**PROBLEM:**
Below are entries with pictures among them; reproduce exactly, and only, the lines from the one containing "उनके अनुसार अंकुर" down to the one containing "Pero eso no", without the pictures.

**DATA SECTION:**
▬▬▬

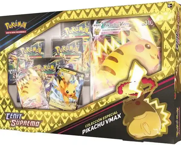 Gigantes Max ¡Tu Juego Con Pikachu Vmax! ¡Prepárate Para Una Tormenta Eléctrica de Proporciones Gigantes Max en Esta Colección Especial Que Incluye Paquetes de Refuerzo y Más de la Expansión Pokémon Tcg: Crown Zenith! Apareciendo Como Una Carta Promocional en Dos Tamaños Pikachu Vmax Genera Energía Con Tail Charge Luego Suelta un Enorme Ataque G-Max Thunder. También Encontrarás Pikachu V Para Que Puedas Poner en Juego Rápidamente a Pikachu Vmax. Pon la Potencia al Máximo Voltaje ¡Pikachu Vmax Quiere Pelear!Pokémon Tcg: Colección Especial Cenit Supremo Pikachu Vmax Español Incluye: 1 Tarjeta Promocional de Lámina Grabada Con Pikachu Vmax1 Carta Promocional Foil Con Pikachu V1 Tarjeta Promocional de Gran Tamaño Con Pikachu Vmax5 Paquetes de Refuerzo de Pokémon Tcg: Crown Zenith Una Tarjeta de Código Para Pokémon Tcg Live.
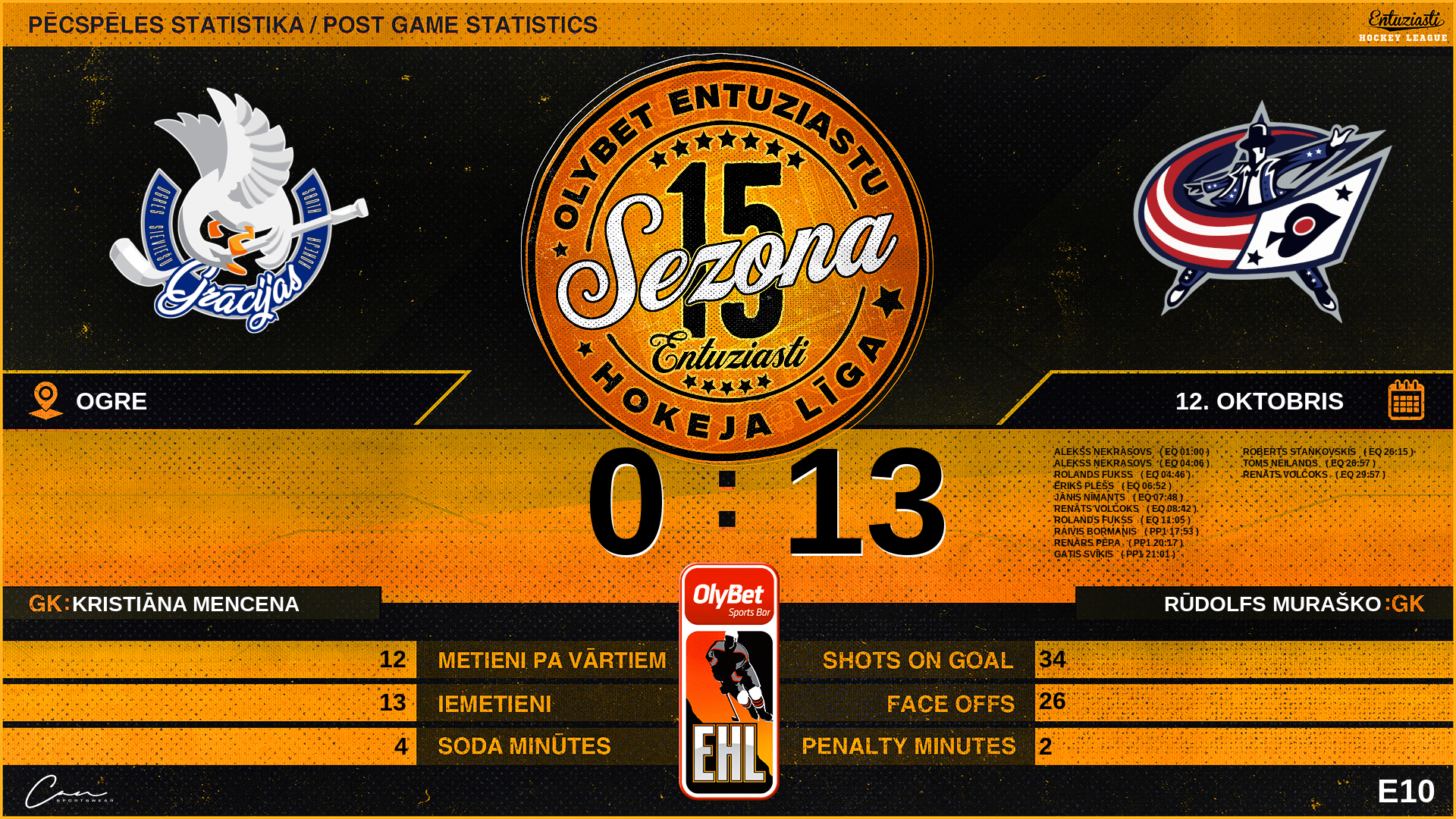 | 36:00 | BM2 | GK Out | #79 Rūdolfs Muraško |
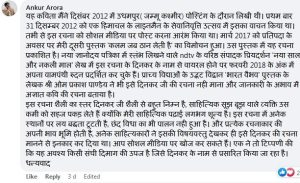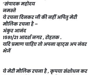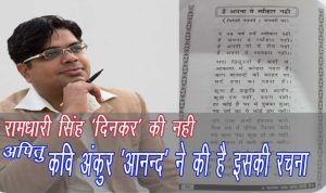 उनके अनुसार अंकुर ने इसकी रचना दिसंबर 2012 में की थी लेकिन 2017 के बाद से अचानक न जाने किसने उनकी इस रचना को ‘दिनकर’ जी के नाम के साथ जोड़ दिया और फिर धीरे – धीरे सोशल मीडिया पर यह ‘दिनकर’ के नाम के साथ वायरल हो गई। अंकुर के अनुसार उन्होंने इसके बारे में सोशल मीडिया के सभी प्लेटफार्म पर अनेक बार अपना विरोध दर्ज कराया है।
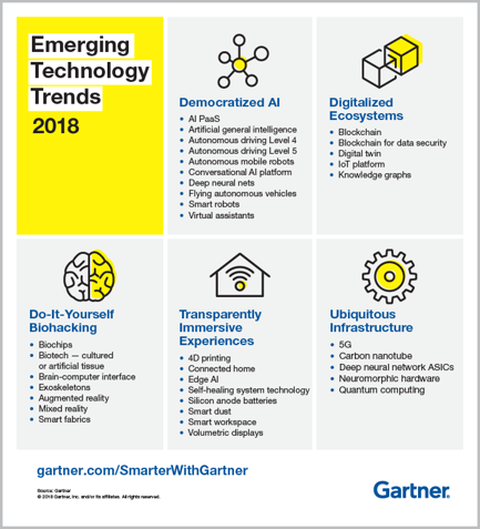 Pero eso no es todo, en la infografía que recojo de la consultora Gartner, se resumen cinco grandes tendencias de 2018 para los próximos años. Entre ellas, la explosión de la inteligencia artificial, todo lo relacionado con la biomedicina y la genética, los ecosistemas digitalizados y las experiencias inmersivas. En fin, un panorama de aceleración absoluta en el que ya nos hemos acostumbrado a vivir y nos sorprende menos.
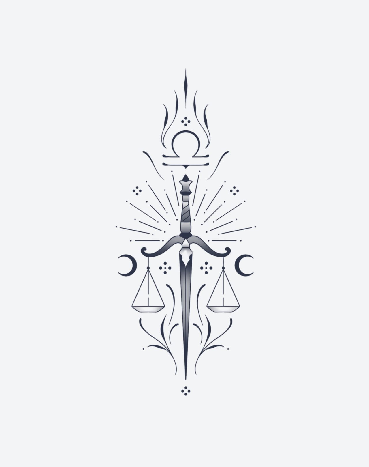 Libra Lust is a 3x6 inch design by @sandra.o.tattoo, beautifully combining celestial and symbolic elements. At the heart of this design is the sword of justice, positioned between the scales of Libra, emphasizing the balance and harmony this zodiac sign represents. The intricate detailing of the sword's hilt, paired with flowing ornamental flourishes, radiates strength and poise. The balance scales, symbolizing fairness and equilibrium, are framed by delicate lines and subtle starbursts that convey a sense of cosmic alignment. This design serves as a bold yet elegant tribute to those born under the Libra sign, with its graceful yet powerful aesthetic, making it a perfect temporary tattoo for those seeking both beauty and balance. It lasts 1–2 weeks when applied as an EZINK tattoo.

▬▬▬

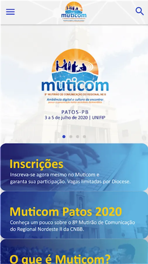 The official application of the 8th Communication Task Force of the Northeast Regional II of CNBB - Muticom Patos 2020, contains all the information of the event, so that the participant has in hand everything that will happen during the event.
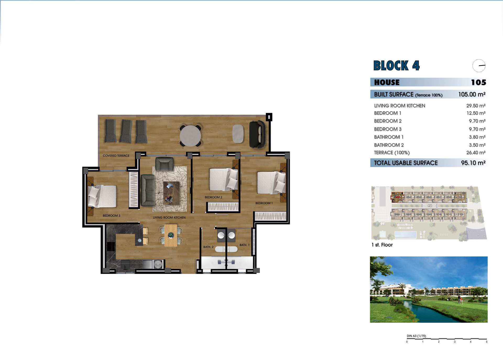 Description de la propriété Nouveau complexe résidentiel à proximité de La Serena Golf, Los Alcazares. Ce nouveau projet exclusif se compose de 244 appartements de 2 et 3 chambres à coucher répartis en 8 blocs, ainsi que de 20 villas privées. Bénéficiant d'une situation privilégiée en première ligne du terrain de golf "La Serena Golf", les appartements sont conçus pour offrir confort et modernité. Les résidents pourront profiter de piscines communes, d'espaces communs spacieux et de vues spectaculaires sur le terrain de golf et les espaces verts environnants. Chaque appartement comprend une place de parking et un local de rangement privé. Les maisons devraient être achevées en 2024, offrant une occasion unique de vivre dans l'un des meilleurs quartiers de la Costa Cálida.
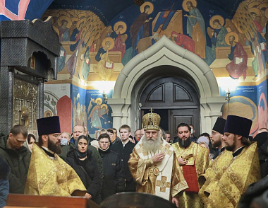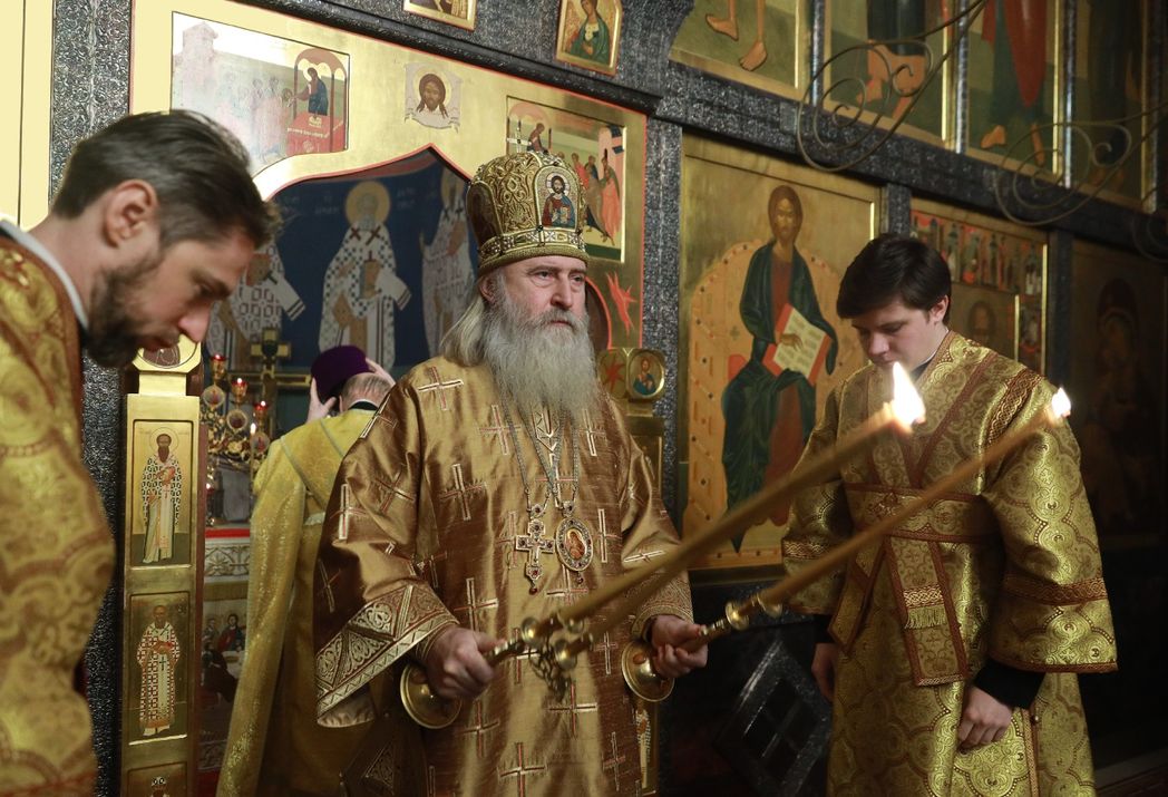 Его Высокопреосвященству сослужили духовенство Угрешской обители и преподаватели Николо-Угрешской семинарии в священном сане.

▬▬▬

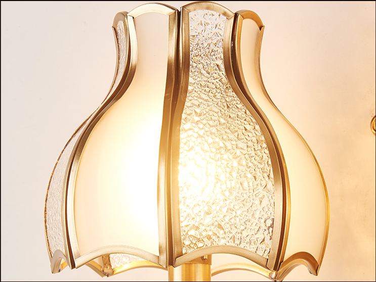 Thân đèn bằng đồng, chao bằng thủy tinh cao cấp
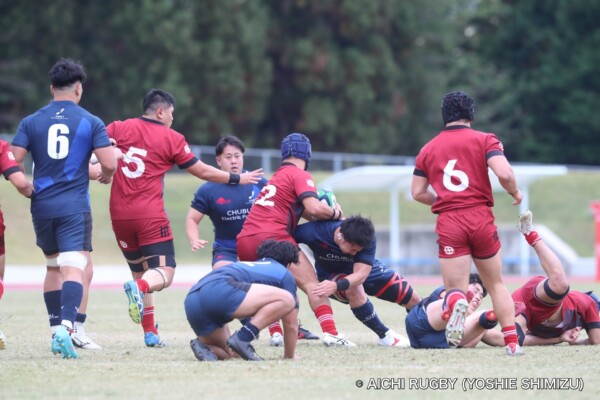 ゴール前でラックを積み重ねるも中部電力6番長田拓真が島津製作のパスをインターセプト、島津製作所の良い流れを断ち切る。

▬▬▬

**YOUR RESPONSE:**
 उनके अनुसार अंकुर ने इसकी रचना दिसंबर 2012 में की थी लेकिन 2017 के बाद से अचानक न जाने किसने उनकी इस रचना को ‘दिनकर’ जी के नाम के साथ जोड़ दिया और फिर धीरे – धीरे सोशल मीडिया पर यह ‘दिनकर’ के नाम के साथ वायरल हो गई। अंकुर के अनुसार उन्होंने इसके बारे में सोशल मीडिया के सभी प्लेटफार्म पर अनेक बार अपना विरोध दर्ज कराया है।
 Pero eso no es todo, en la infografía que recojo de la consultora Gartner, se resumen cinco grandes tendencias de 2018 para los próximos años. Entre ellas, la explosión de la inteligencia artificial, todo lo relacionado con la biomedicina y la genética, los ecosistemas digitalizados y las experiencias inmersivas. En fin, un panorama de aceleración absoluta en el que ya nos hemos acostumbrado a vivir y nos sorprende menos.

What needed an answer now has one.